### Task directions:
Copy out all the lines of the data precisely, omitting any pictures.

### Collected data:
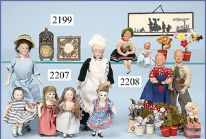 Puppenstube, um 1900, Länge 66 cm, Höhe 33 cm, Tiefe 32 cm, hinten Fenster, alte Tapete, möbliert, mit reichhaltigem Zubehör, u. a. Zinn, Porzellan, Glas u. Messing, 3 Puppenstuben-Puppen, 1x SIMON & HALBIG, 1 Mann mit Schnurrbart, 1 Kind, Frontsäulen farblich überarbeitet, Bodentapete teilw. verschlissen, ein wenig ausgebessert
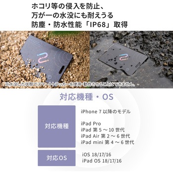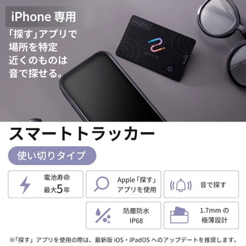 用途iPhoneの「探す」アプリから荷物のありかを探せるカード型スマートトラッカーです。専用アプリ・ソフトのダウンロードは不要。購入後すぐに使えて、財布やかばんなど大切な荷物の紛失を防ぎます。
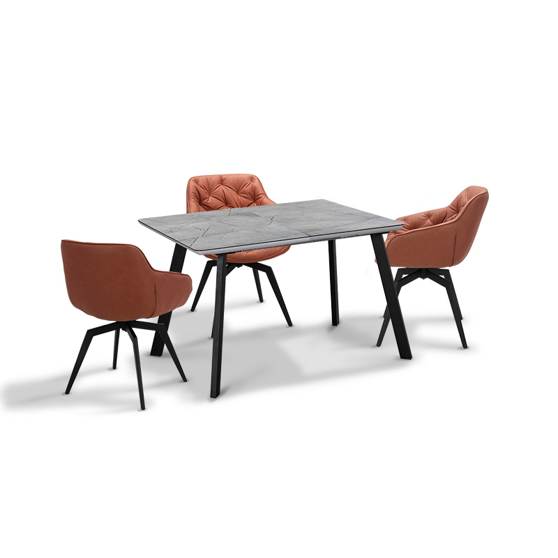 DARWIN е модерна и стилна трапезна маса със стабилни метални крака, която съчетава елегантния сив цвят с черни акценти за съвременен и изискан вид.

### The completed task:
 Puppenstube, um 1900, Länge 66 cm, Höhe 33 cm, Tiefe 32 cm, hinten Fenster, alte Tapete, möbliert, mit reichhaltigem Zubehör, u. a. Zinn, Porzellan, Glas u. Messing, 3 Puppenstuben-Puppen, 1x SIMON & HALBIG, 1 Mann mit Schnurrbart, 1 Kind, Frontsäulen farblich überarbeitet, Bodentapete teilw. verschlissen, ein wenig ausgebessert
 用途iPhoneの「探す」アプリから荷物のありかを探せるカード型スマートトラッカーです。専用アプリ・ソフトのダウンロードは不要。購入後すぐに使えて、財布やかばんなど大切な荷物の紛失を防ぎます。
 DARWIN е модерна и стилна трапезна маса със стабилни метални крака, която съчетава елегантния сив цвят с черни акценти за съвременен и изискан вид.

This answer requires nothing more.